Chromatographic techniques for Bio-medical researchers

Meaning of chromatography

Chromatography is the science of separation techniques . The technique is used to fractionate mixture of gases, liquids  or dissolved solids. The name chromatography (Greek: chroma means color and graphein means writing) literally means writing in color. In other words writing out the ‘signature ‘ of a mixture in color.

Definition of chromatography

Chromatography is defined as  a physical separation technique used to separate macromolecules  based on differences in their structure and / or composition i.e.their size, shape or charge (Heftmann 1992 ). Chromatography is a dynamic separation system which partitions chemical substances between two phases (Biphasic system)-a stationary phase (SP) and a mobile phase (MP). Chromatographic – like separation processes occur in nature

–for e.g. migration of water through soil  results in purification of water. Chromatography is a science which studies the separation of molecules

Discovery of chromatography

The Russian botanist Mikhail S. Tswett (1872-1919) found that pigment composition became separated when plant pigment (chlorophyll) together with petroleum ether went through calcium carbonate layer. Chromatography is a method  in which the components of a mixture are separated on an adsorbent column in  a flowing system (Tswett,1906)

Biphasic systems of chromatography 

 Stationary phase consists of small solid particles with micro porous surface. Mobile phase can  be a gas or a liquid which carries the components of a mixture. The rate of movement of a given component of a mixture depends on the degree of solubility  in the solvent system. More soluble substances travel more slowly down the column than the less soluble.

Rf   value : relative front 

The relation of the distance traveled by compound to that of the solvent front is called Rf value.
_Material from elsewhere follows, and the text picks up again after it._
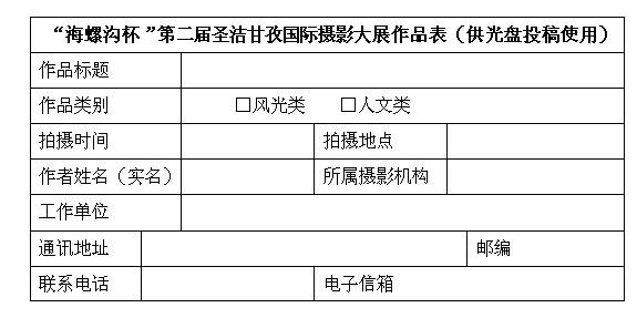 光盤(pán)包裝盒上注明大展名稱,每幅作品文件名處注明作品標(biāo)題,同時(shí)提供作者資料及作品信息(word文檔)。投稿作品為jpg格式,圖片統(tǒng)一處理為長(zhǎng)邊600—1000像素,文件大小控制在500KB以內(nèi)。無(wú)相關(guān)資料的作品,主辦單位有權(quán)取消其參評(píng)資格。作品以光盤(pán)(CD—R或DVD—R)形式郵寄至:

Parameters influencing Rf value includes temperature, solvent system, direction of flow and type of paper.
Rf value   = Distance   traveled  by the solute

                        --------------------------------------

                   Distance traveled by the solvent   

Kinds of chromatographic techniques            

Column chromatography
A mixture of components dissolved in a solvent is poured over a column of solid adsorbent . The column is eluted with the same or a different solvent. The stationary phase is solid. The mobile phase (the eluent) is liquid.

Paper chromatography

        The paper adsorbs water from the atmosphere of the developing chromatogram. The water is the stationary phase. The eluting solvent is the mobile phase.
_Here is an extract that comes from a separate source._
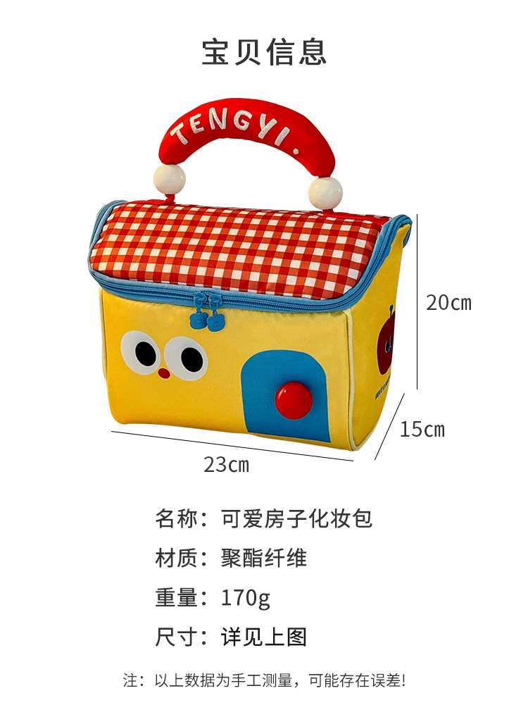 产品类别: 化妆包 品牌: 柠本 是否进口: 否 型号: G908000 形状: ~ 材质: ~ 功能: 多用途 适用场景: 卧室 收纳场景: 旅行收纳,化妆收纳 适用范围: 化妆品 风格: 卡通萌趣 颜色: 黄色小屋,粉色小屋,绿色小屋 产地: ~ 箱装数量: ~ 产品上市时间: 2025 价格段: 10-20元 贸易属性: 内贸+外贸 专利: 否 货号: G908 是否跨境出口专供货源: 否 重量: 0.1 kg/件

Chromatographic  principles   of   separation

1- Elution development - The components of the mixture are separated into zones by the passage of one or more solvents through the column. This technique is most widely used in GC, GLC, LLC and LSC.
2. Gradient elution - A gradual change in composition of the eluting solvent is used to achieve separation of compounds of widely varying affinities for the stationary phase. The solvent composition gradient may be linear with increasing or decreasing concentration, pH, polarity or ionic strength.
3. Frontal analysis - No solvent is used for irrigation. The solution itself is added continuously.
4. Displacement analysis - The components in the mixture are adsorbed on the column. The irrigation of the column is carried out with the solution of another substance, having a higher preferential adsorption on the column than that of the components of the mixture sought.
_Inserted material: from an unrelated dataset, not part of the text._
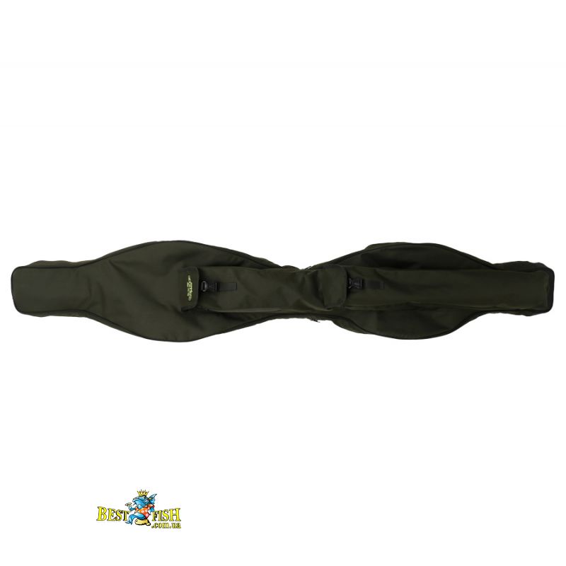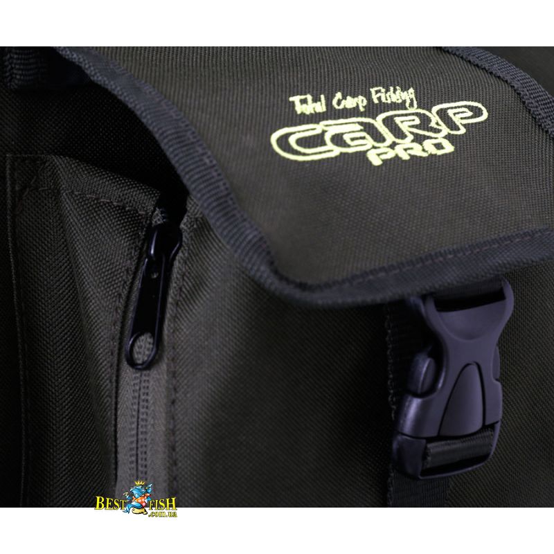 Чехол Carp Pro 600D также имеет два внешних кармана, которые можно открыть двумя способами — открыв молнию сбоку или отстегнув клапан на fastex-защелке сверху. Эти карманы способны вместить зонт, ручку подсака, подставки под удилища и другие аксессуары.

Research  applications  of chromatography

There are two kinds of research applications .i.e. analytical and preparative applications. Analytical application is to determine the chemical composition of a biological sample. Preparative application is to  purify and collect one or more components of a biological sample.

Significance of chromatographic methods

•         They serve to resolve and  identify the separated components of a mixture.

•         Very small quantities of substances could be analyzed qualitatively and quantitatively.

•         The equipment is very simple except HPLC

•         No special skill is required for performing the method

•         The results are remarkably reproducible.